Two weeks before the election, Citizens Against Rent Control sought and obtained a temporary restraining order prohibiting enforcement of §§ 602 and 604. The ballot measure relating to rent control was defeated. The Superior Court subsequently granted Citizens Against Rent Control's motion for summary judgment, declaring that § 602 was invalid on its face because it violated the First Amendment of the United States Constitution and Art. I, § 2, of the California Constitution. A panel of the California Court of Appeal unanimously affirmed that conclusion.

The California Supreme Court, dividing 4-3, reversed. Citing Buckley v. Valeo, 424 U.S. 1 (1976), the majority announced that it would strictly scrutinize § 602. It concluded that the section furthered compelling governmental interests because it ensured that special interest groups could not "corrupt" the initiative process by spending large amounts to support or oppose a ballot measure. Such corruption, the court found, could produce apathetic voters; these governmental interests were held to outweigh the First Amendment interests infringed upon. Finally, it concluded that § 602 accomplished its goal by the least restrictive means available.

We noted probable jurisdiction, and we reverse.

II

We begin by recalling that the practice of persons sharing common views banding together to achieve a common end is deeply embedded in the American political process. The 18th-century Committees of Correspondence and the pamphleteers were early examples of this phenomena and the Federalist Papers were perhaps the most significant and lasting example. The tradition of volunteer committees for collective action has manifested itself in myriad community and public activities; in the political process it can focus on a candidate or on a ballot measure. Its value is that by collective effort individuals can make their views known, when, individually, their voices would be faint or lost.
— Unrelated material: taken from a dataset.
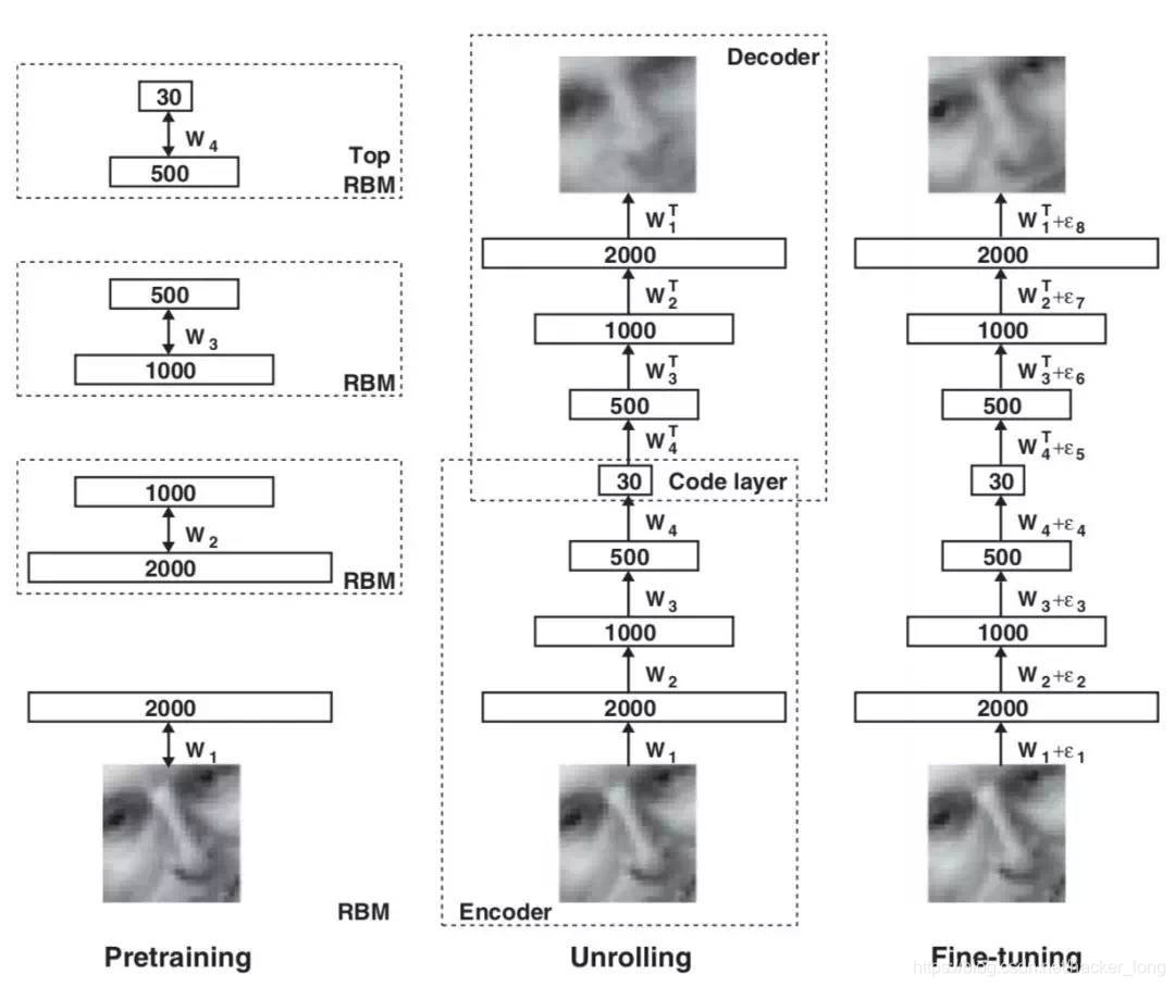 2006年Hinton等人在science期刊上发表了论文“Reducing the dimensionality of data with neuralnetworks”,揭开了新的训练深层神经网络算法的序幕。利用无监督的RBM网络来进行预训练,进行图像的降维,取得比PCA更好的结果,通常这被认为是深度学习兴起的开篇。

The Court has long viewed the First Amendment as protecting a marketplace for the clash of different views and conflicting ideas. That concept has been stated and restated almost since the Constitution was drafted. The voters of the city of Berkeley adopted the challenged ordinance which places restrictions on that marketplace. It is irrelevant that the voters rather than a legislative body enacted § 602, because the voters may no more violate the Constitution by enacting a ballot measure than a legislative body may do so by enacting legislation....

III

A

[T]he Court stated: "The First Amendment protects political association as well as political expression." Buckley v. Valeo.
Buckley also made clear that contributors cannot be protected from the possibility that others will make larger contributions:
"[The] concept that government may restrict the speech of some elements of our society in order to enhance the relative voice of others is wholly foreign to the First Amendment, which was designed 'to secure "the widest possible dissemination of information from diverse and antagonistic sources,"' and '"to assure unfettered interchange of ideas for the bringing about of political and social changes desired by the people."' The First Amendment's protection against governmental abridgment of free expression cannot properly be made to depend on a person's financial ability to engage in public discussion.

The Court went on to note that the freedom of association "is diluted if it does not include the right to pool money through contributions, for funds are often essential if 'advocacy' is to be truly or optimally 'effective.'" Under the Berkeley ordinance an affluent person can, acting alone, spend without limit to advocate individual views on a ballot measure. It is only when contributions are made in concert with one or more others in the exercise of the right of association that they are restricted by § 602.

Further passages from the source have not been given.